Felix Kater wrote:
I haven't been thinking about it for years but recently I've stumbled on
the fact that 'casting' is actually doing (at least) two different
things:
On the one hand 'casting' means: 'Change something into somthing
else'. Example: double d=9.99; long l=(double)d;
That's fine, although it's a silly cast. `d' is already
a `double', so "converting " it to a `double' is unnecessary.
(The `double' result, whether "converted" or not, will then
be converted to `long' for initializing `l'.)
On the other hand 'casting' means: 'Treating something as something
else without change'. For instance when casting function pointers.
Would You agree?
No.
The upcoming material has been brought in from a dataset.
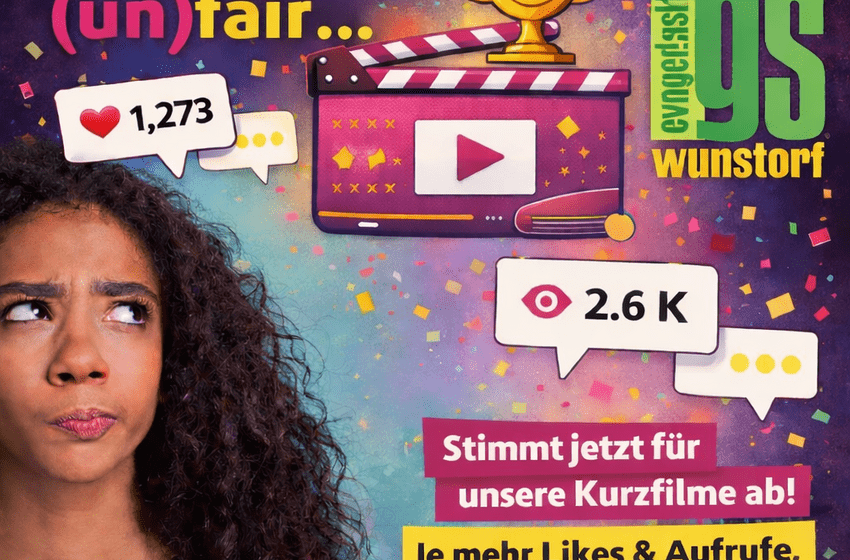 Liebe Schulgemeinschaft, Ihr habt es sicher schon über den Flurfunk und Plakate mitbekommen – insgesamt 8 Filme unserer Schule nehmen dieses Jahr am inklusiven Kurzfilmwettbewerb „ganz schön ...

A cast is an operator that performs a conversion (even
if the conversion is vacuous, as above). There is no such thing
as a "let's pretend" cast.
However, casts can convert a pointer of one type into a pointer
to another type, and there is something like a "let's pretend"
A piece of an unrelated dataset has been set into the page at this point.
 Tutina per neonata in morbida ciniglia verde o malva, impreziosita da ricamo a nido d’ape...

effect if the converted result is then used to access a pointed-
to object or function:
int i = 42;
unsigned char *p = (unsigned char*) &i;
printf ("The individual bytes of %d are:", i);
while (p < (unsigned char*)(&i + 1))
printf (" %d", *p++);
printf ("\n");
Line two takes the pointer-to-int value `&i' and converts
it to a pointer-to-unsigned-char, which it then stores in `p'.
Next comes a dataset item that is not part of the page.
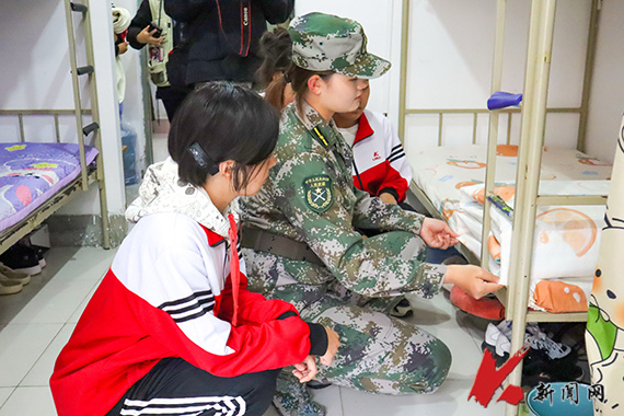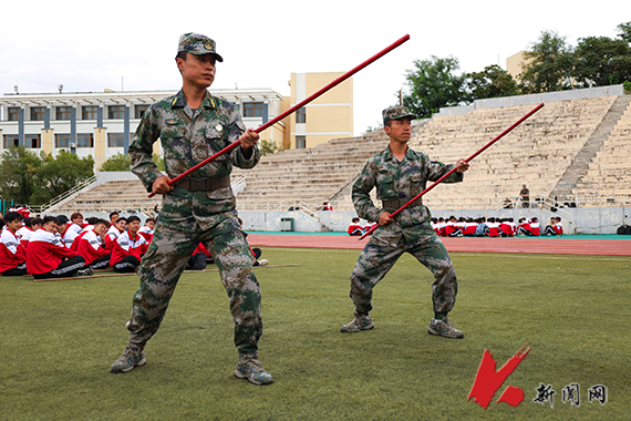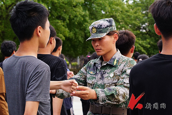迷彩戎装,身姿挺拔。教官齐上阵,为同学们示范动作,讲解要领。

There is no "let's pretend" at all: A value is converted from one
type to another, and that's that.
There's another such conversion on line four, where another
pointer-to-int is converted to pointer-to-unsigned-char for
purposes of comparison. Again, there's no "let's pretend:" the
cast converts the value `(&i + 1)' to a different type.
The "let's pretend" occurs on line five, where a pointer
to one type (unsigned char) is used to manipulate an object of
a different type (int). Observe that there is no cast in line
five: We are "treating something as something else without
change" by accessing it with different kinds of pointers, not
by applying a cast to it. (No cast is ever applied to `i'.)
IMO this difference between 'conversion' and 'treatment' isn't probably
pointed out enough to C newcomers and may be one reason for the danger
of casts.
It would be a disservice to newcomers to point out a difference
that doesn't exist. For the same reason, most introductory texts
omit mentioning the temperatures of C's data types.